**Task data**
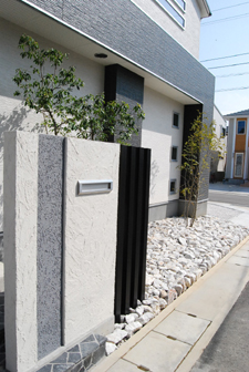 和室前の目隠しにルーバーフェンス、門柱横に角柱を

==

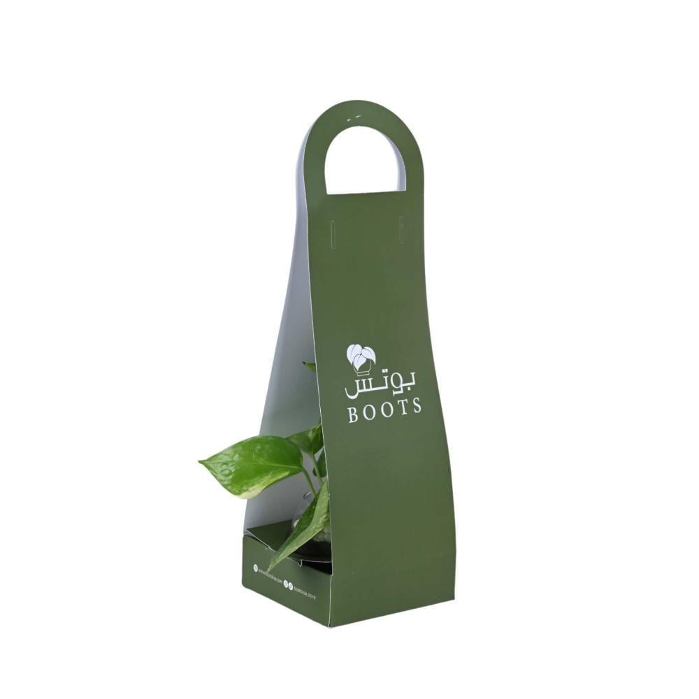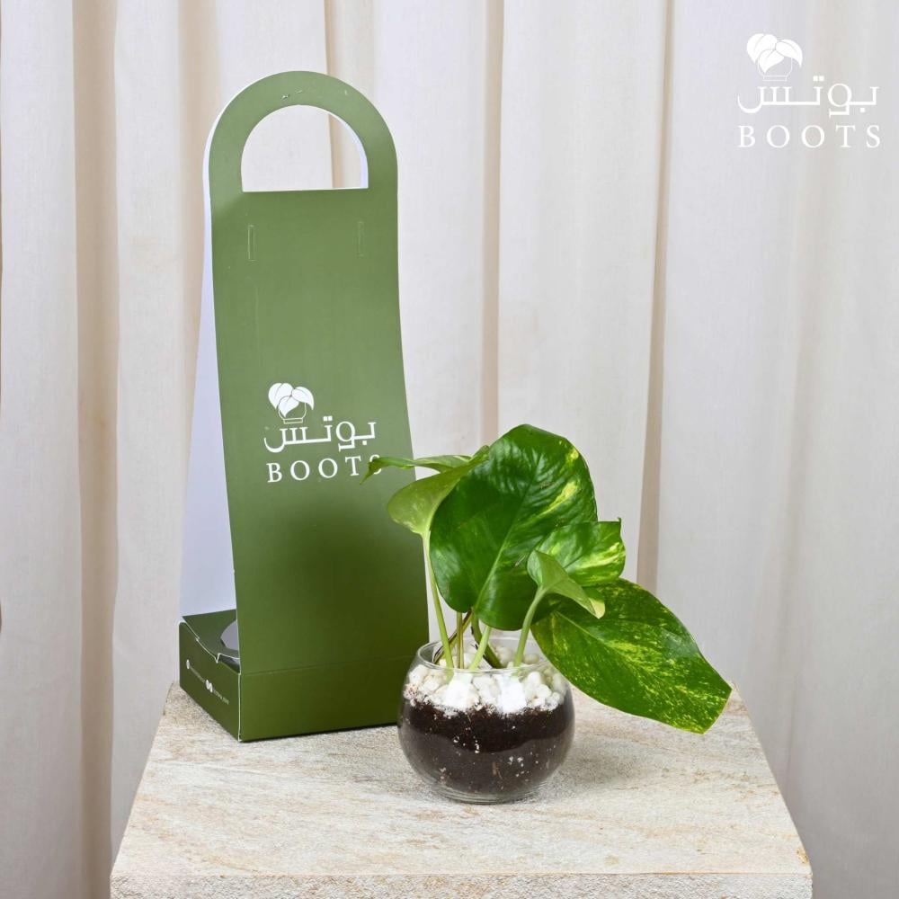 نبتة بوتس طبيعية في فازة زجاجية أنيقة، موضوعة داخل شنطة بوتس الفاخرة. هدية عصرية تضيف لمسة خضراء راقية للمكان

* * *

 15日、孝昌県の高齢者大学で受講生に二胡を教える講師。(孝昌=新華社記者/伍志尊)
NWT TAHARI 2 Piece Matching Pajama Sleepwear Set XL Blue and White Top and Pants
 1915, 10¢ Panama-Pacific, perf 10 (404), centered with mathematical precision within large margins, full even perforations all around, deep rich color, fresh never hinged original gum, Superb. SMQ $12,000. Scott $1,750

**Your task**
Could you reproduce, exactly, every line above from the line with "NWT TAHARI 2" to the line with "1915, 10¢ Panama-Pacific, perf", and no other line? Both ends count.

**Result of the exercise**
NWT TAHARI 2 Piece Matching Pajama Sleepwear Set XL Blue and White Top and Pants
 1915, 10¢ Panama-Pacific, perf 10 (404), centered with mathematical precision within large margins, full even perforations all around, deep rich color, fresh never hinged original gum, Superb. SMQ $12,000. Scott $1,750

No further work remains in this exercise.